● Problem details: Omit every picture, then return the listing verbatim.

++++++++++

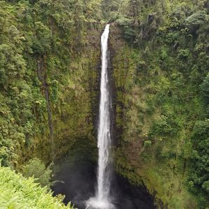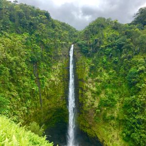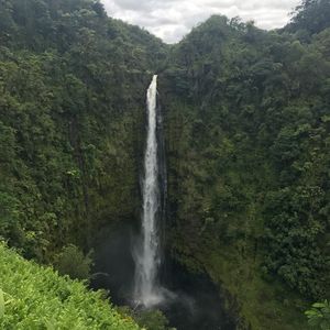 次に向かったのがアカカの滝。「ハワイ島は場所によって降水量が違うんです。ここが熱帯雨林なのも雨が多いから。ねっ、じめじめしてるでしょ?」すーさんの説明、すごい説得力。熱帯植物の温室からそのまま大自然の中に抜け出したような光景。一枚一枚の葉っぱがすごく大きい。ジンジャーやバナナの説明を一本一本丁寧にしてくださる。と、突然、目の前に落差100m以上もあるアカカの滝が。すごい!滝つぼに吸い込まれそうな大迫力!早速記念撮影。
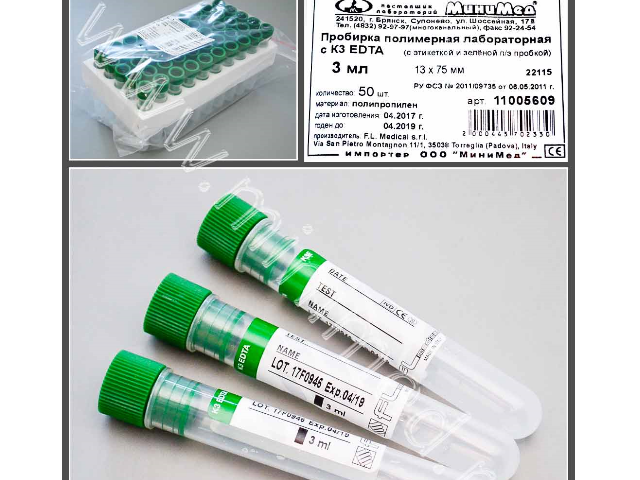 Предназначена для взятия проб крови и её гематологического исследования. Пробирка снабжена этикеткой для занесения информации о проведенном анализе. На этикетке имеется контрольная отметка уровня забираемого образца крови. Нестерильная. Антикоагулянт нанесен на стенки пробирки в виде жидкого аэрозоля в точном соответствии с объемом крови, на который пробирки расчитаны.
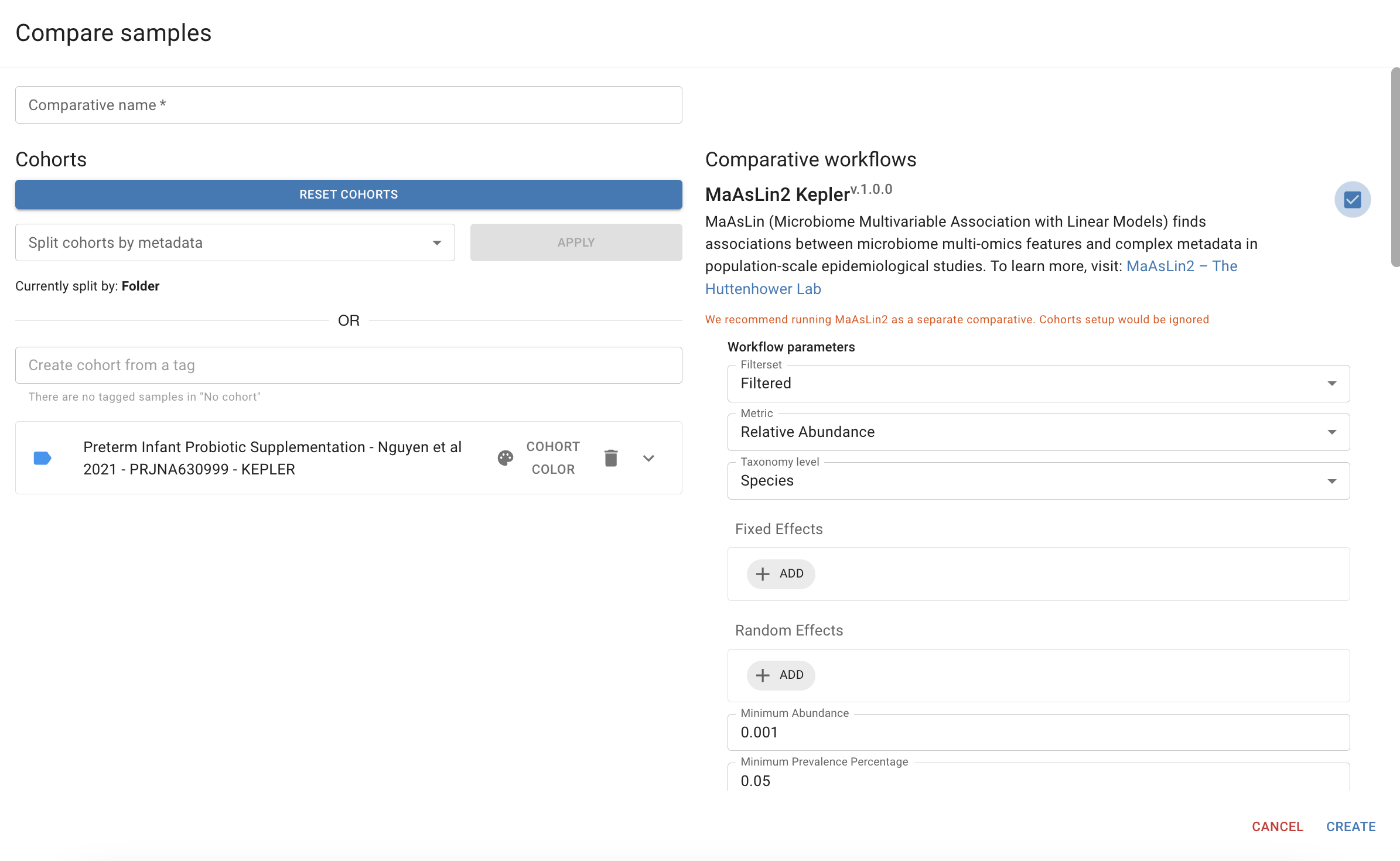 Select one of the following workflows depending on your input data:- MaAsLin2 Kepler-Taxa - conduct differential abundance analysis on Taxa-Kepler results for host agnostic profiling
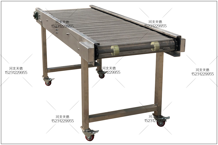 該不銹鋼輸送機(jī)總長為1.5米,總寬度為500毫米,高度為60公分,采用鏈條式不銹鋼輸送帶來傳送物品,采用1.2鋼絲編織的10*20的孔,鏈條節(jié)距采用31.75毫米,使用直徑6毫米的串桿來支撐物料的輸送。大概120毫米左右一個串桿。
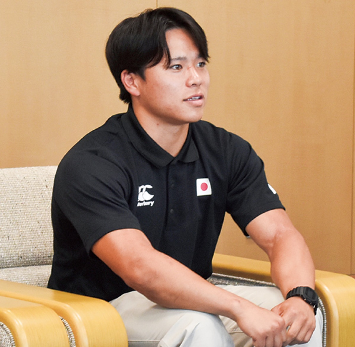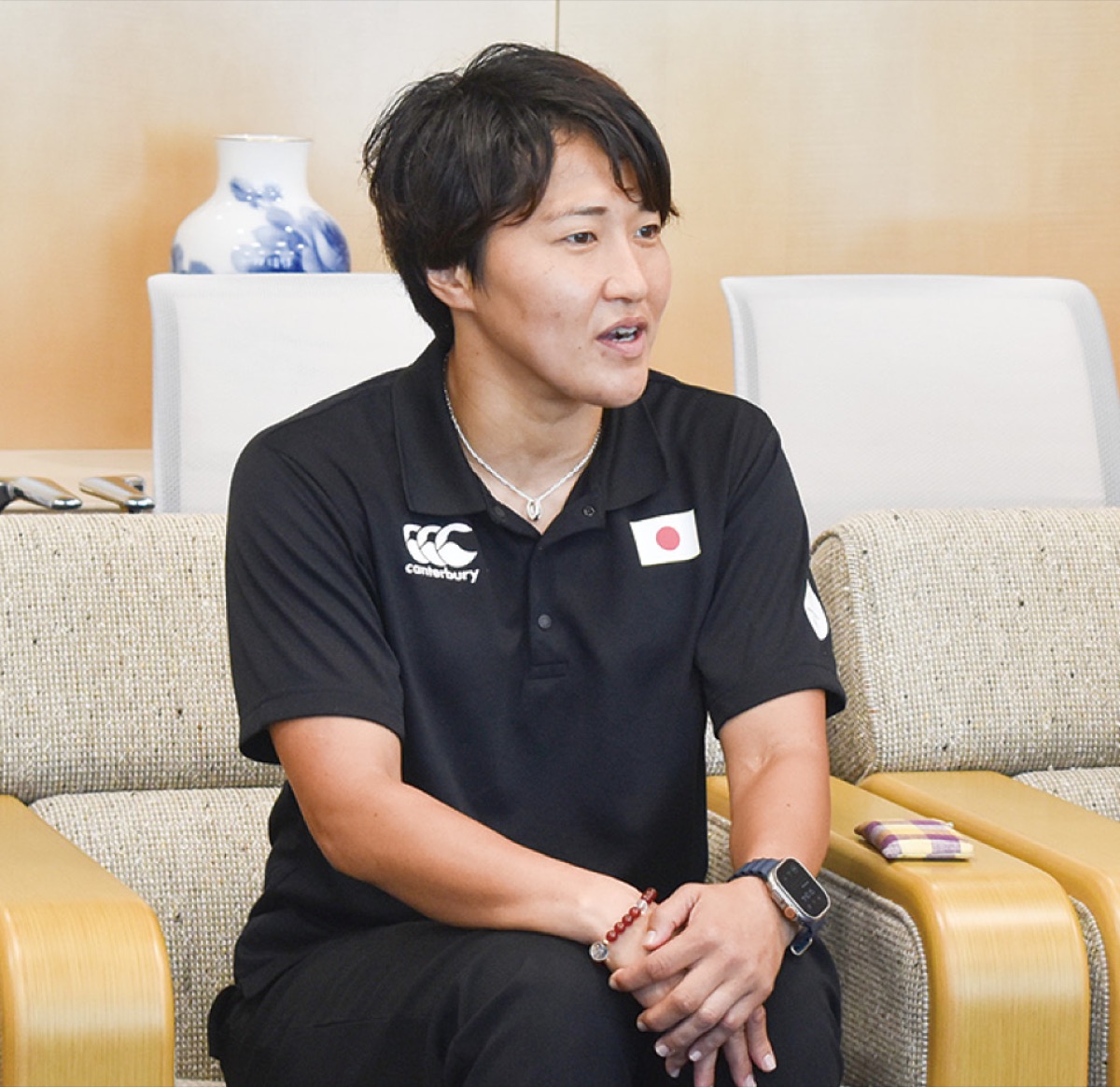 この日訪れたのは、男子代表は主将の石田吉平選手(横浜キヤノンイーグルス)、女子代表は戸塚区内で活動する内海春菜子選手(YOKOHAMA TKM)、青葉区が練習拠点の堤ほの花選手(日本体育大学ラグビー部女子)、神奈川総合高校=神奈川区=出身の中村知春選手、関東学院六浦高校=金沢区=出身の西亜利沙選手の計5人。

++++++++++

● Answer to this task:
 次に向かったのがアカカの滝。「ハワイ島は場所によって降水量が違うんです。ここが熱帯雨林なのも雨が多いから。ねっ、じめじめしてるでしょ?」すーさんの説明、すごい説得力。熱帯植物の温室からそのまま大自然の中に抜け出したような光景。一枚一枚の葉っぱがすごく大きい。ジンジャーやバナナの説明を一本一本丁寧にしてくださる。と、突然、目の前に落差100m以上もあるアカカの滝が。すごい!滝つぼに吸い込まれそうな大迫力!早速記念撮影。
 Предназначена для взятия проб крови и её гематологического исследования. Пробирка снабжена этикеткой для занесения информации о проведенном анализе. На этикетке имеется контрольная отметка уровня забираемого образца крови. Нестерильная. Антикоагулянт нанесен на стенки пробирки в виде жидкого аэрозоля в точном соответствии с объемом крови, на который пробирки расчитаны.
 Select one of the following workflows depending on your input data:- MaAsLin2 Kepler-Taxa - conduct differential abundance analysis on Taxa-Kepler results for host agnostic profiling
 該不銹鋼輸送機(jī)總長為1.5米,總寬度為500毫米,高度為60公分,采用鏈條式不銹鋼輸送帶來傳送物品,采用1.2鋼絲編織的10*20的孔,鏈條節(jié)距采用31.75毫米,使用直徑6毫米的串桿來支撐物料的輸送。大概120毫米左右一個串桿。
 この日訪れたのは、男子代表は主将の石田吉平選手(横浜キヤノンイーグルス)、女子代表は戸塚区内で活動する内海春菜子選手(YOKOHAMA TKM)、青葉区が練習拠点の堤ほの花選手(日本体育大学ラグビー部女子)、神奈川総合高校=神奈川区=出身の中村知春選手、関東学院六浦高校=金沢区=出身の西亜利沙選手の計5人。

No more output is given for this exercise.